T’ai Chi Ch’uan is one of the four main systems of Chinese Kung Fu, and the most powerful. Unlike the other styles of Kung Fu in which the speed and power are made visible, T’ai Chi Ch’uan forms look soft and receptive. Beneath that slow, flowing movement is a coiled spring of resilient force, the nomenclature for which is “peng jing.”
All of the various T’ai Chi Ch’uan styles share the same principles – slow, soft, relaxed movements that radiate from the center with weight sunk, and light steps. When both players adhere to the same basic principles, a common body language is spoken that allows students from any style or system to communicate their level of skill with the partnered T’ai Chi exercise called “Push Hands.” This interactive T’ai Chi practice teaches students how to exchange energy without invasive contact. Push hands teaches a way to repel violent force without getting tired, vexed or injured, and without injuring the other person.
T’ai Chi can be practiced at any age and is very therapeutic. Practicing T’ai Chi improves circulation, balance, breathing, bone density, immunity, longevity, awareness and focus. Because T’ai Chi Ch’uan is the integration of Qigong and Kung Fu, it heals and teaches fighting at the same time.

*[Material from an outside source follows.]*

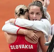 Kužmová made her senior Fed Cup debut for Slovakia in 2018. In 2020, the tournament changed its name to the Billie Jean King Cup.[68] She has played in four ties, compiling an overall record of 5–3 split between 5–1 in singles and 0–2 in doubles.[69] When Kužmová debuted for Slovakia, they were in World Group II, playing against Russia. She debuted with a singles loss against Natalia Vikhlyantseva but in the next match, she defeated Anastasia Potapova. Slovakia defeated Russia 4–1, and advanced to the World Group Play–offs, where they played against Belarus for a spot in the World Group following year.[70][71] Despite the fact that Slovakia lost, Kužmová won both of her singles matches, against Aryna Sabalenka and Sasnovich. In a decisive match against Lidziya Marozava and Vera Lapko, Kužmová and Anna Karolína Schmiedlová failed to send their country in the World Group.[72][73] The following year, in her first match in the World Group II play-offs against Brazil, she faced Beatriz Haddad Maia and won.[74] Since it was obvious that Slovakia had won, Kužmová's match against Carolina Alves was cancelled but she played doubles alongside Rebecca Šramková and they lost in straight sets.[75] In 2020, for the third year in-a-row, Kužmová was part of the team. Playing against Great Britain, she defeated Harriet Dart.[76]

T’ai Chi Ch’uan is considered an “internal” system of Kung Fu, and the movements are performed slowly, constantly and smoothly, while the “external” systems of Kung Fu are done hastily, and with a show of force. Some styles of T’ai Chi Ch’uan, like Chen style and Original Yang style (aka Guang Ping Yang) have a slow build up to occasional forceful emissions of power. Other styles, like Wu style, are entirely soft, meditative and self-contained. Though Wu and Yang styles do not show force, they often produce very skilled Push Hands players.

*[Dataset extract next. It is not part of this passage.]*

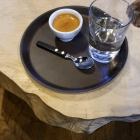 Aufgrund einer ziemlich schlaflosen Nacht und 220km Autobahnkilometern nach Aschaffenburg, brauchte ich dringen einen Koffeinschub. Mein Espresso wurde mit einem Glas Wasser gereicht. Ich lies mich in einem der bequemen dicken Sessel nieder und studierte die Karte und die Teller der übrigen Gäste. Ich war ziemlich beeindruckt. Es sah alles sehr appetitlich aus. Das Pano legt Wert auf regionale Produkte, lässt die Sauerteig-Brotlaibe nach eigenen Rezepten im Holzofen bei den den hiesigen Bäckern backen und die Kuchen und das Eis zum Teil von eigenen Konditoren und Mitarbeitern vor Ort selbst herstellen. Es ist saisonbezogen und bietet auch Speisen für Veganer an.

T’ai Chi Ch’uan moves from posture to posture like a river, flowing over obstacles — a constant flow of changes. The positions in-between each picture-perfect posture are as important as the completed movements. Practicing T’ai Chi Ch’uan form exemplifies the notion that “Life is a journey, not a destination.”
The primary distinction between the practice of T’ai Chi Ch’uan and all other martial arts styles is the self-control and constant mindful awareness created by the slowness of execution. Anyone adept at T’ai Chi Ch’uan can deflect most aggressive attacks without direct opposition, by going with the flow and not resisting it, and then channeling it in another direction.

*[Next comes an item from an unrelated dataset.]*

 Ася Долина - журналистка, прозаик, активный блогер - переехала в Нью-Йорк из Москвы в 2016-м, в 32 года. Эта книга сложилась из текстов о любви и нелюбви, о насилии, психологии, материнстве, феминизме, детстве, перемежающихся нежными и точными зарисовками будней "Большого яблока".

T’ai Chi practice rewires our reactions to stress. Our “reptilian brains” are bypassed and instead we are reprogrammed to respond with a balanced integration of compassion and aggression. It is the expression of reason over reaction, and mind over matter.
T’ai Chi aligns itself with natural law, and the same laws that prevail in physics with regard to gravity, rotation, motion and stillness. Psychology, physiology, aesthetics, and spirituality all come into play in T’ai Chi. T’ai Chi does not rely on pure strength, but rather awareness, grace and sensitivity. Women can rarely match men in strength, but we excel in these other areas. T’ai Chi uses awareness, calmness and control to counter mindless, brute force.
Ironically, T’ai Chi, unlike sports or pure conditioning, does not exploit energy for with the goal of winning, running faster, or scoring points. T’ai Chi improves ones whole state of being by “cultivating qi.” This refined method of self-expression provides youthful energy and is a philosophy, a health care plan and a social security system all rolled into one. It is a step up on the evolutionary ladder of humankind. It represents our progress from animalistic primates who grab, push and shove, or cower, shrink and run into balanced, civilized, enlightened people who can take care of themselves and others well into old age.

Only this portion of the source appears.